Dubai’s Dragon Oil, a subsidiary of Emirates National Oil Company, has expanded its investment in Turkmenistan’s oil and gas industry.
The preliminary agreement signed between Dragon Oil and state-owned Turkmenistan Oil includes increasing production with three new fields within Turkmenistan’s Block 19 offshore area, Dragon Oil said on Saturday.
Dragon Oil did not disclose the value of the investment. The company, however, said it had conducted a seismic survey in the three fields at a cost of $35 million, the results of which were “promising”.
The fields are close to the Cheleken Contract Area, which is an oil-producing field in the Caspian Sea.

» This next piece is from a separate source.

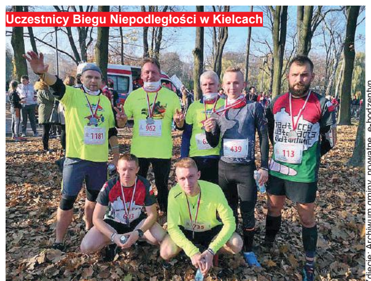
Uczestnicy Biegu Niepodległości w Kielcach

“Turkmenistan is a very important oil country and has large oil and gas capabilities,” Ali Al Jarwan, chief executive of Dragon Oil, said in the statement.
“We are seeking to strengthen our presence there through new investments that will reflect positively on both parties enhancing the state’s income from revenue and creating new jobs.”
Turkmenistan is one of the five Caspian Sea littoral countries, which is an area with large volumes of oil and natural gas reserves.
The country had more than 600 million barrels of proven oil reserves and 19.5 trillion cubic metres of proven natural gas reserves at the end of 2020, latest data from the BP Statistical Review of World Energy had shown.
Oil production in the country stood at 216,000 barrels a day in 2022, according to the US International Trade Administration.
Turkmenistan is also rich in hydrocarbon resources, having produced about 80 billion cubic metres of natural gas in 2022, with half going to export, mostly to China, ITA data showed.
The country consumes roughly 60 per cent of its oil production domestically and exports the remainder over the Caspian Sea, the ITA said.
Dragon Oil’s new expansion plans in Turkmenistan extend partnerships between the two sides.